H. jecorina QM9414 (ATCC 26921) and the uridine-auxotrophic, pyr4-negative mutant TU-6 (Gruber et al., 1990b) were maintained on malt extract agar supplemented with uridine (10 mM) when required. For chemostat cultivations, cultures were pre-grown in 250 ml Erlenmeyer flasks on a rotary shaker (250 r.p.m.) at 30 °C in the following medium (pH 5): 8 g NH4H2PO4 l1, 7 g Na2HPO4 l1, 4 g KH2PO4 l1, 1 g CaCl2 l1, 1 g MgSO4 l1, 20 ml l1 trace elements solution (containing, per litre: 250 mg FeSO4.7H2O, 80 mg MnSO4.H2O, 70 mg ZnSO4.7H2O, 85 mg CoCl2) with 10 g glycerol l1 and 0·1 g peptone l1 as a carbon source. Mycelia were harvested by filtration after 36 h, washed with cold tap water and then transferred into a fresh medium with the respective carbon source without peptone. Chemostat cultivations were carried out in a 2·5 l glass bioreactor (Inel) with a working volume of 2 l, equipped with one six-blade Rushton disc turbine impeller. Operating conditions were pH 5·0, 30 °C, 300 r.p.m. and 0·3 vvm (volumes of air per volume of liquid per minute). To minimize water and substrate losses, the waste gas was cooled in a reflux condenser connected to an external cooling bath (4 °C). The feeding medium contained carbon source at 3 g l1, a concentration low enough to make the culture carbon-limited. Prior to cultivations, glass parts of the reactor were treated with the anti-adhesive agent Sigmacot (Sigma) to avoid fungal wall growth.
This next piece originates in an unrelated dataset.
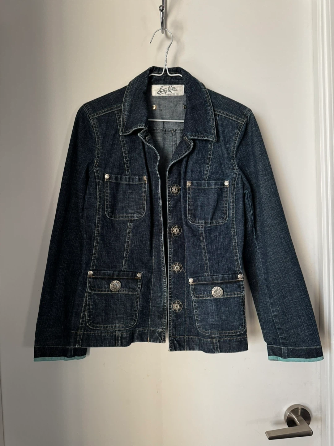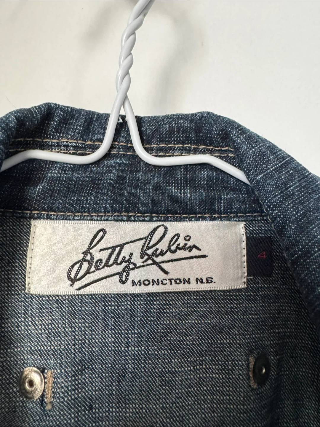 This Betty Rubin denim jacket is a classic staple. It features a dark wash denim material. The jacket is a size 4, perfect for layering.

Polypropylene glycol 2000 (Union Carbide Chemicals & Plastics) was used as antifoam agent; a few drops were injected into the reactor once a day through a membrane filter (Millipore). Onset of steady-state in the culture was established when no changes in biomass dry weight were observed in three successive samples taken over a period of three residence times (defined as the reciprocal of the dilution rate, e.g. 20 h for D=0·050 h1). To exclude any regulatory effects on cellulase gene expression by light as observed recently (Schmoll et al., 2005), cultivations were performed in constant darkness.
Construction of a cbh2 : : goxA reporter strain.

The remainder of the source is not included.